One CBP official pushed back on the migrants’ descriptions, saying that reporters were able to see for themselves on a recent media tour that the Central Processing Facility has “medical personnel, has food, clothing, shower facilities and laundry facilities.” The CBP official requested anonymity because he was not authorized to speak on the record.

None of the migrants interviewed knew the names or precise locations of the facilities where they stayed. The Texas Tribune tracked chartered buses from both the Central Processing Center and Donna to the McAllen bus station, making it possible to connect the firsthand accounts of many of the migrants to specific facilities.

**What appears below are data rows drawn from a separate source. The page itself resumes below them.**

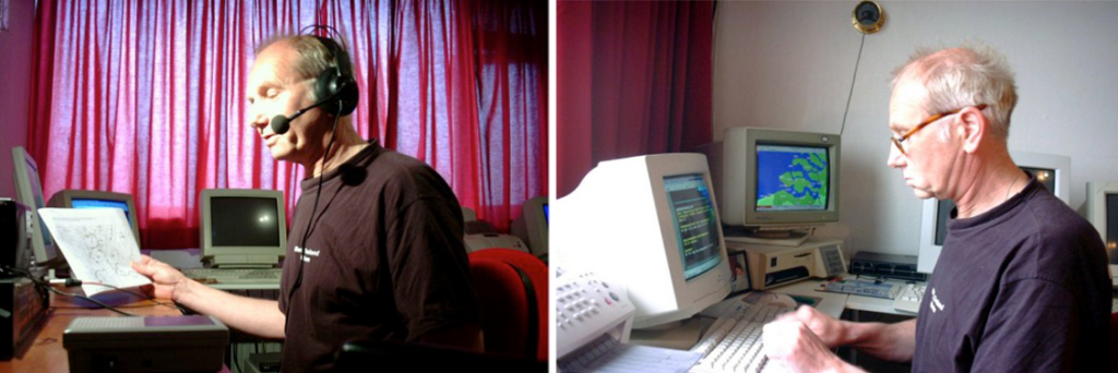 Jos Broeke verzorgt vanuit zijn weerkamer in Ritthem jarenlang het radioweerbericht (links) en houdt de teletekstpagina’s bij voor Omroep Zeeland. Foto’s: Remco van Schellen.
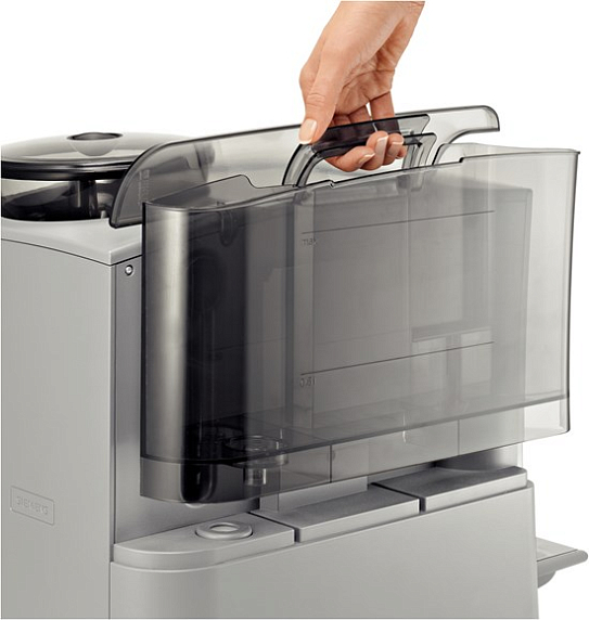Прибор оснащен контейнером для кофе в зернах с изоляцией, которая снижает уровень шума при работе устройства. Есть также емкость для молотого кофе. Съемный лоток для сбора капель, контейнер для кофейной гущи и контейнер для воды объемом 1.7 литра обеспечивают удобство и простоту очистки. В комплекте идет мерная ложка и тест-полоска для определения жесткости воды.
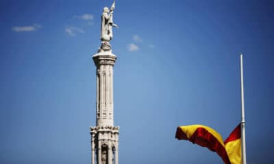 El monumento a Colón, situado en la plaza del mismo nombre en Valladolid, ha amanecido este 12 de octubre salpicado de pintura roja. En la base...
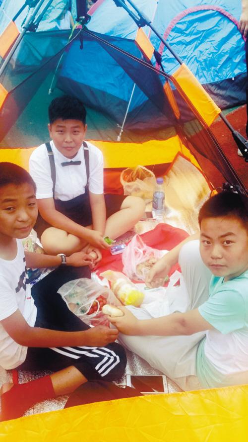 7月23日18時,記者在現(xiàn)場看到,在簡短的畢業(yè)典禮結(jié)束后,畢業(yè)露營活動拉開了序幕。近100頂帳篷在操場上搭就,三三兩兩的孩子自由組合進入帳篷,分享他們自己準備的美餐。
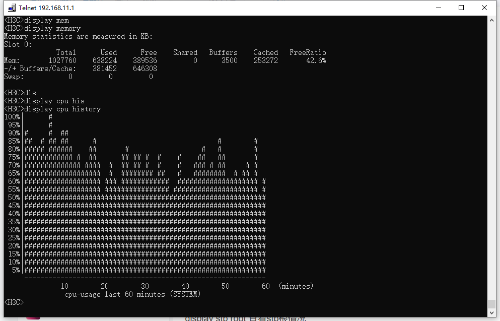 另外也可以使用dis process cpu查看下具体是哪个进程对于CPU的利用率高。
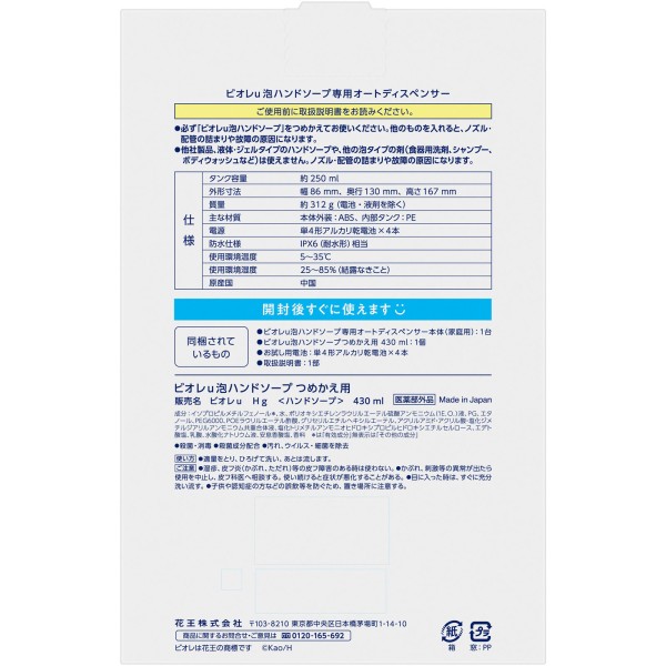 비오레U 자동으로 나오는 거품 핸드소프 디스펜서 본체+리필용 430mL 카오 > 비오레U 거품
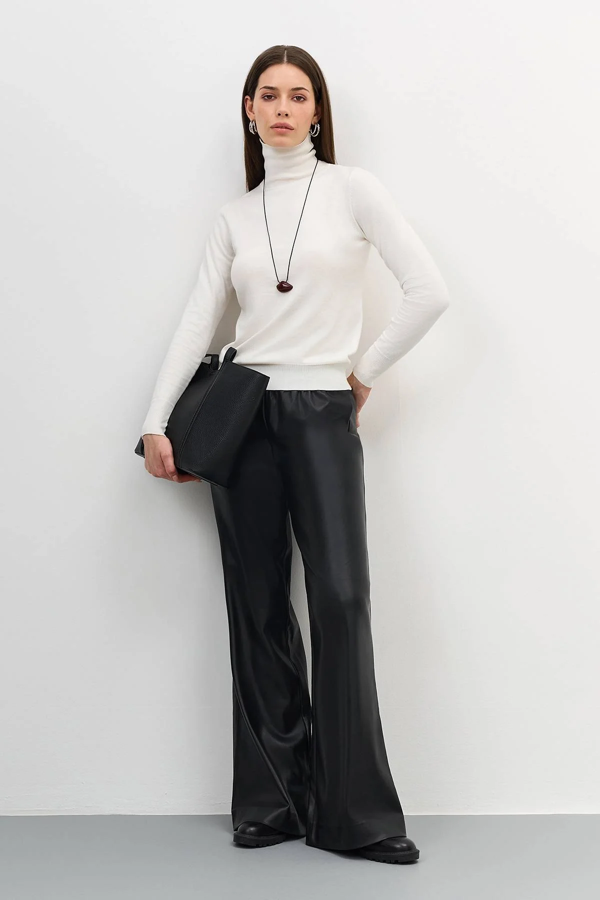 Широкие брюки палаццо из мягкой экокожи. Прямой силуэт. Резинка по линии талии.

An immigration bus carrying migrants departs the U.S. Border Patrol Central Processing Center known as Ursula in McAllen on Thursday. The bus will drop-off the migrants at the McAllen Bus Station.
An immigration bus carrying migrants departs the U.S. Border Patrol Central Processing Center known as Ursula in McAllen on Thursday. The bus will drop-off the migrants at the McAllen Bus Station.  Miguel Gutierrez Jr./The Texas Tribune

Their descriptions also match photos of the giant warehouse-like facility on Ursula Avenue — chain-link cells or, as they put it, “cages,” in the middle of a cavernous facility. Most would only give their first names for fear of jeopardizing their asylum cases or getting harassed by federal authorities.

“If you’re able to sleep two hours, you’re lucky,” said Kevin, 21, who had been in the Ursula center for two days and said he never got a bath, toothbrush or toothpaste.

Ananias, 42, was in a cell — “like a dog’’ — at the same center, with his son Gerson, 16. He said they had to sleep in their wet clothes and never got clean ones, let alone toothbrushes.